> [Task directions] Everything in the entries except the pictures should be copied exactly.

> [Data extract]
= = = = =
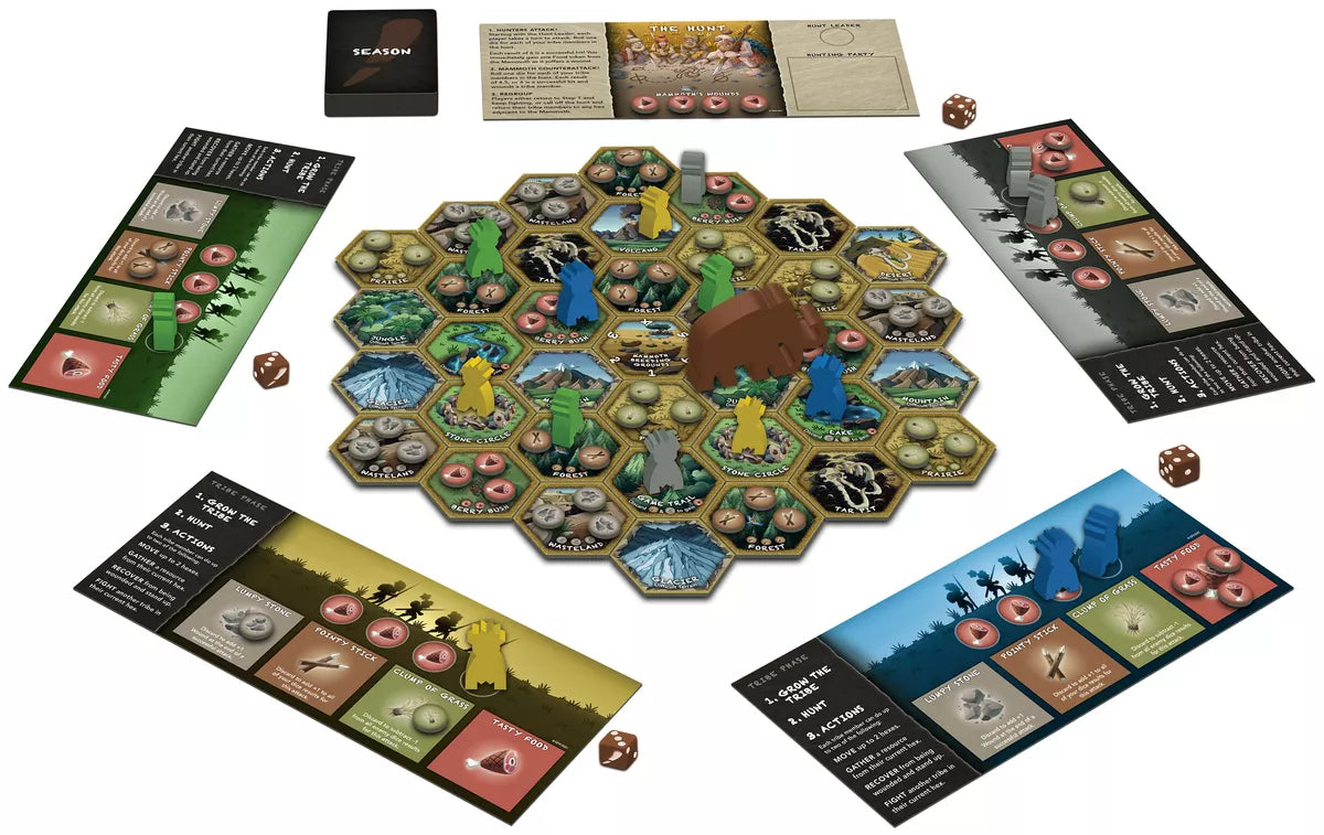 In Tusk!, you and your fellow players will need to team up to hunt successfully — but there can be only one master of the hunt, and to ensure that's you and your tribe, you need to manipulate alliances, horde supplies, and make use of the land's many resources to become the most powerful tribe. The game ends when snow covers the entire playing area, and the tribe with the most food wins!
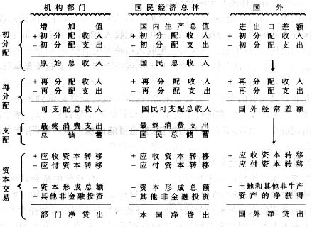 从国内生产总值开始,通过与国外之间的收入初次分配,得到国民总收入;又通过与国外之间的收入再分配,得到国民可支配收入;然后由各有关部门(住户、政府和非营利机构)进行消费。国民可支配收入扣除国民消费支出,余下的部分即为国民储蓄,它是国民经济总体的经常交易差额或经常结余(注意这不是国际收支平衡表上的经常差额);再通过与国外之间发生的资本转移,就形成国民经济总体从事金融和非金融投资的全部自有资金来源,这同时也将最终影响到经济总体的资产负债表上净值的变化。在进行了资本形成和其他非金融投资之后,整个经济总体可能出现资金剩余,形成对国外的净贷出,也可能出现资金短缺,引起从国外的净借入。
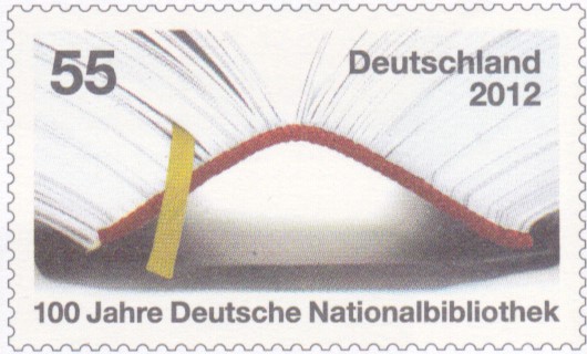 Zum Jubiläum 100 Jahre Deutsche Nationalbibliothek ist eine Marke (MiNr 29565) mit einem aufgeschlagenen Buch erschienen.
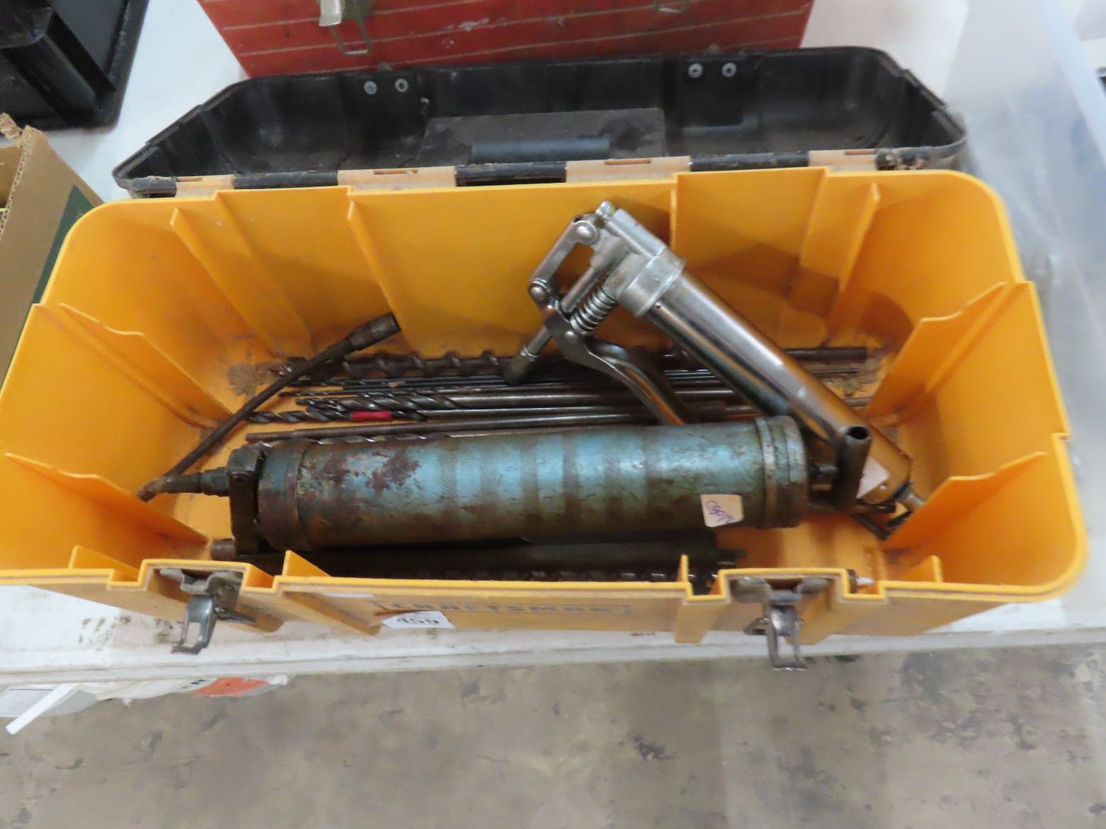 Toolboxes w/Grease Guns, Long Drill Bits, Paints, Dryer
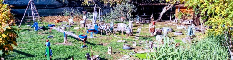 Il parchetto è perfetto. Ci sono scivolini, altalene, casette delle bambole. Ogni anno c’è qualcosa in più. Il totem degli indiani, un tepee, il tirassegno.
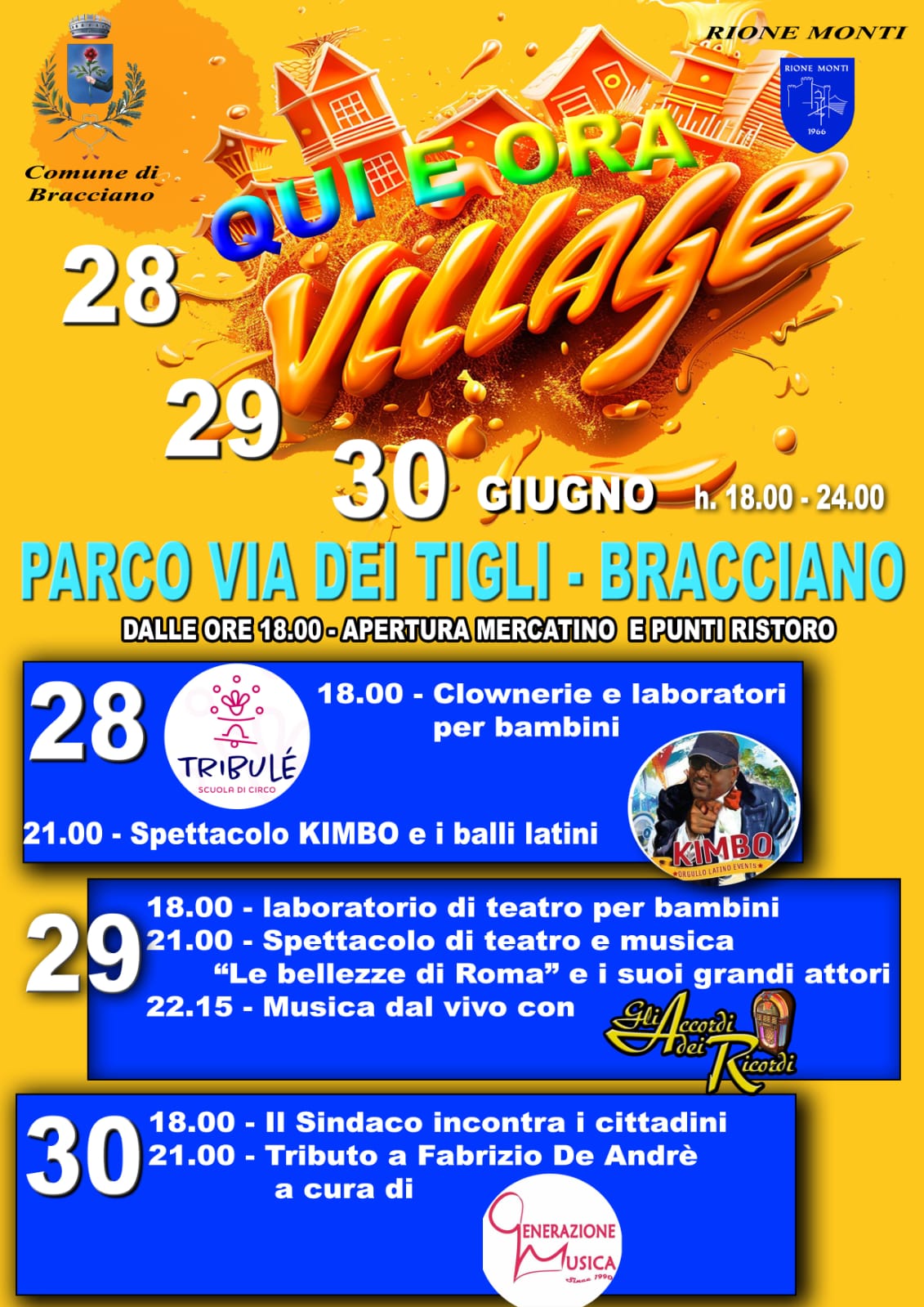 Riceviamo e pubblichiamo – L’amministrazione comunale di Bracciano è lieta di annunciare l’evento “Qui e Ora Village”, che si terrà presso il Parco Via dei Tigli dal 28 al 30 giugno 2024, dalle ore 18:00 alle 24:00. Questo evento rappresenta un’importante occasione di incontro e divertimento per tutta la comunità, con un ricco programma di attività pensate per tutte le età.
= = = = =
> [Result below]
 In Tusk!, you and your fellow players will need to team up to hunt successfully — but there can be only one master of the hunt, and to ensure that's you and your tribe, you need to manipulate alliances, horde supplies, and make use of the land's many resources to become the most powerful tribe. The game ends when snow covers the entire playing area, and the tribe with the most food wins!
 从国内生产总值开始,通过与国外之间的收入初次分配,得到国民总收入;又通过与国外之间的收入再分配,得到国民可支配收入;然后由各有关部门(住户、政府和非营利机构)进行消费。国民可支配收入扣除国民消费支出,余下的部分即为国民储蓄,它是国民经济总体的经常交易差额或经常结余(注意这不是国际收支平衡表上的经常差额);再通过与国外之间发生的资本转移,就形成国民经济总体从事金融和非金融投资的全部自有资金来源,这同时也将最终影响到经济总体的资产负债表上净值的变化。在进行了资本形成和其他非金融投资之后,整个经济总体可能出现资金剩余,形成对国外的净贷出,也可能出现资金短缺,引起从国外的净借入。
 Zum Jubiläum 100 Jahre Deutsche Nationalbibliothek ist eine Marke (MiNr 29565) mit einem aufgeschlagenen Buch erschienen.
 Toolboxes w/Grease Guns, Long Drill Bits, Paints, Dryer
 Il parchetto è perfetto. Ci sono scivolini, altalene, casette delle bambole. Ogni anno c’è qualcosa in più. Il totem degli indiani, un tepee, il tirassegno.
 Riceviamo e pubblichiamo – L’amministrazione comunale di Bracciano è lieta di annunciare l’evento “Qui e Ora Village”, che si terrà presso il Parco Via dei Tigli dal 28 al 30 giugno 2024, dalle ore 18:00 alle 24:00. Questo evento rappresenta un’importante occasione di incontro e divertimento per tutta la comunità, con un ricco programma di attività pensate per tutte le età.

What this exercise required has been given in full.